-------- DATA TO EXAMINE --------

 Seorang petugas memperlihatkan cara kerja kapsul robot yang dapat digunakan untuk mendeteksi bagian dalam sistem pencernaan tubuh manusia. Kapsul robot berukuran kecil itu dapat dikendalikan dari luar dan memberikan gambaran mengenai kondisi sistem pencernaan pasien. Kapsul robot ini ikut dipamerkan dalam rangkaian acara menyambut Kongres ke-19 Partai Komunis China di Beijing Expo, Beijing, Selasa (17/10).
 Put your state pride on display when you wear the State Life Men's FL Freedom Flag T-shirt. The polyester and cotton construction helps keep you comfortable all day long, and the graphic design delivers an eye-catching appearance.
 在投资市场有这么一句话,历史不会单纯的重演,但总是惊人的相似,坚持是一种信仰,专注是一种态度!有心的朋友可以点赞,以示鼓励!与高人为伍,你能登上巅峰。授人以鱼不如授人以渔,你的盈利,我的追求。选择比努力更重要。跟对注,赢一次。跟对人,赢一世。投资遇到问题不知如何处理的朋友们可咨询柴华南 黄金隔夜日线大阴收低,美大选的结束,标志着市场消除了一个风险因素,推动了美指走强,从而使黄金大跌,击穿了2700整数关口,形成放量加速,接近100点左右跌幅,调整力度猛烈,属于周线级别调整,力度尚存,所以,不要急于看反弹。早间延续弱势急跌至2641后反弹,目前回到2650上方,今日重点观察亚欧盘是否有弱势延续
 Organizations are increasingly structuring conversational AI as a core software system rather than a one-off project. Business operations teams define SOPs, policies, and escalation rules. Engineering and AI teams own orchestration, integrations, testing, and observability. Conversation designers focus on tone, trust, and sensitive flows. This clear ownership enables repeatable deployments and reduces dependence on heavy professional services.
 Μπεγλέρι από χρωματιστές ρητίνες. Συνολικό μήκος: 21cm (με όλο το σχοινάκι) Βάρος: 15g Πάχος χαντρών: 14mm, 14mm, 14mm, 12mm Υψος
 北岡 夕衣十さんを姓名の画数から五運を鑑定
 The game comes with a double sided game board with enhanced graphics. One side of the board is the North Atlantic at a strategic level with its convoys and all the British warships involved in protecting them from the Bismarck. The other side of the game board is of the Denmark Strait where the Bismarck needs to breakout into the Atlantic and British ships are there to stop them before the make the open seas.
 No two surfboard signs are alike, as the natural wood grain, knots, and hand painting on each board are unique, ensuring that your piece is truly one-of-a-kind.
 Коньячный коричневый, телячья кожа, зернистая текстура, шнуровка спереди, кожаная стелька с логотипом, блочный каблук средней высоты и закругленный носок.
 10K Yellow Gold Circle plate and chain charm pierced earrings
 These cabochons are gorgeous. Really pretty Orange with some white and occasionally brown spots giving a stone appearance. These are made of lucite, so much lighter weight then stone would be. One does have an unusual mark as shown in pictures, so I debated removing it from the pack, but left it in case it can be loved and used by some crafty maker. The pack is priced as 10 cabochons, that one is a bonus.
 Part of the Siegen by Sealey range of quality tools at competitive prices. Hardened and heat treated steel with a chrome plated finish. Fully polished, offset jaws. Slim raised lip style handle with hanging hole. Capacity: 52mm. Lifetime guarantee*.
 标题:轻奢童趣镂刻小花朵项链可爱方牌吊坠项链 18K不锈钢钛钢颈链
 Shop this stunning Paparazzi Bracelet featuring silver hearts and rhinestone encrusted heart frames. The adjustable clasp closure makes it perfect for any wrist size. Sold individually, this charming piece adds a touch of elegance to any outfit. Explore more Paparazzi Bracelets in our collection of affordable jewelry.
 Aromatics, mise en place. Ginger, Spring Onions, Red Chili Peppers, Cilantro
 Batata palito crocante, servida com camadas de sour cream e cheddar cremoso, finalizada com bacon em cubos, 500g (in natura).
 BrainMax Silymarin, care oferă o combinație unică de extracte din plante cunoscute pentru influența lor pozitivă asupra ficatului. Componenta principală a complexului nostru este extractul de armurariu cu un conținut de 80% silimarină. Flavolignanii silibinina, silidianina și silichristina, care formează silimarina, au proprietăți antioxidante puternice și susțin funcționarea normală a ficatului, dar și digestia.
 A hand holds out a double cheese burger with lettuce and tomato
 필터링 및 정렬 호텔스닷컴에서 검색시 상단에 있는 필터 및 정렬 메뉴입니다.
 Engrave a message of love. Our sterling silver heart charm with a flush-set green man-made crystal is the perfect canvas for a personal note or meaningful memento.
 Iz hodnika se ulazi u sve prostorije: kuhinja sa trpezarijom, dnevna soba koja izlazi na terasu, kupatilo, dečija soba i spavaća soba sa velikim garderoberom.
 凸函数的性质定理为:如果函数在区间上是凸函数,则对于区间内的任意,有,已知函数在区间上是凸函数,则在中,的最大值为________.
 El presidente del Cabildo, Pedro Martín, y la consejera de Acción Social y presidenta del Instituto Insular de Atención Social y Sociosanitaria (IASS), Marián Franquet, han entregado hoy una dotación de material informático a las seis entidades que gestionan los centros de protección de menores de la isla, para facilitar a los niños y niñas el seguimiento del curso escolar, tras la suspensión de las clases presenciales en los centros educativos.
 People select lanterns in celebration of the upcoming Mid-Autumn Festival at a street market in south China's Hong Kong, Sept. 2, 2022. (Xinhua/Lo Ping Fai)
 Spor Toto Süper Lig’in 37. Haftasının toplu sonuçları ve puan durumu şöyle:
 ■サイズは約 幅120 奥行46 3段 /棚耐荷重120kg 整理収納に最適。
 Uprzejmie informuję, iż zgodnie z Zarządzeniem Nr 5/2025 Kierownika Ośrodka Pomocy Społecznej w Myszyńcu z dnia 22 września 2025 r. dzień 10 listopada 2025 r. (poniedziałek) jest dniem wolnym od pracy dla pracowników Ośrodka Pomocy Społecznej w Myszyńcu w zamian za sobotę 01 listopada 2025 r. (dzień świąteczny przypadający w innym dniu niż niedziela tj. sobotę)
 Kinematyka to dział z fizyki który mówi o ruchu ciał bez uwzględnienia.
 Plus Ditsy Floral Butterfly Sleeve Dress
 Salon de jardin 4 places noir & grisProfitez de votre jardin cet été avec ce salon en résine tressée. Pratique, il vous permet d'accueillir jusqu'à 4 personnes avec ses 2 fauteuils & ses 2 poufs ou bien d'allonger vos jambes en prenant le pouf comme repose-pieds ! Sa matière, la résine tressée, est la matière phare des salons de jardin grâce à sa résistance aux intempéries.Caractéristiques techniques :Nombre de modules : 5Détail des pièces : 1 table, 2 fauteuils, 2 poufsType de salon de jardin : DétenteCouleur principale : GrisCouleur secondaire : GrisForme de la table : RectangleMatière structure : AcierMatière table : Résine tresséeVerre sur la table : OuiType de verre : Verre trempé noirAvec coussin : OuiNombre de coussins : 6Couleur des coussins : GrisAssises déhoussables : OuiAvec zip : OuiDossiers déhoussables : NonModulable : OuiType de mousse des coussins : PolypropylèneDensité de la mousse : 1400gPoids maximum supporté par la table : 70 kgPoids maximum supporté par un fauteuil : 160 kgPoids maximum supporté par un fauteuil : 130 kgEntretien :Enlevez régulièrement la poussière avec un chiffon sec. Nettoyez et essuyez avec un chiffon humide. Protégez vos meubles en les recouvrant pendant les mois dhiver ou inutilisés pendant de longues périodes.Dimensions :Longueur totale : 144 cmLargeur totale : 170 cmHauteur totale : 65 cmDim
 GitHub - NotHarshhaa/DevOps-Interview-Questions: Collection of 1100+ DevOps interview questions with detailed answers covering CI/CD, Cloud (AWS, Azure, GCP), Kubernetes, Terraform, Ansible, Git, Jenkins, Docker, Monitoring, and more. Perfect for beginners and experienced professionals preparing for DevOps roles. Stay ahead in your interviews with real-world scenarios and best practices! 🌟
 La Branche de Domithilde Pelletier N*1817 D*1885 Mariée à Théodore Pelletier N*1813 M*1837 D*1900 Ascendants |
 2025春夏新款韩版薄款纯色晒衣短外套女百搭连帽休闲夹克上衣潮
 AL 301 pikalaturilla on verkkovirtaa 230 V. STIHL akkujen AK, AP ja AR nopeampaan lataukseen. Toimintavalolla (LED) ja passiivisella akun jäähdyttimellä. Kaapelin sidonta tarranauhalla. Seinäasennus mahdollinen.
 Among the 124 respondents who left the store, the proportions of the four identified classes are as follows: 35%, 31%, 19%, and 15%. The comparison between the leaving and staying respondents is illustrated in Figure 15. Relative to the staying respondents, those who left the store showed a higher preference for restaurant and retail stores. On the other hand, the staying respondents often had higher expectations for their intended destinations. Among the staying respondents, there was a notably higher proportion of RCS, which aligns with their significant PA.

--------

* _ACTION ITEM_
Using the entries above, return exactly the lines from the line with "Iz hodnika se" to the line with "凸函数的性质定理为:如果函数", counting both of those lines.

* _FINISHED TASK_
 Iz hodnika se ulazi u sve prostorije: kuhinja sa trpezarijom, dnevna soba koja izlazi na terasu, kupatilo, dečija soba i spavaća soba sa velikim garderoberom.
 凸函数的性质定理为:如果函数在区间上是凸函数,则对于区间内的任意,有,已知函数在区间上是凸函数,则在中,的最大值为________.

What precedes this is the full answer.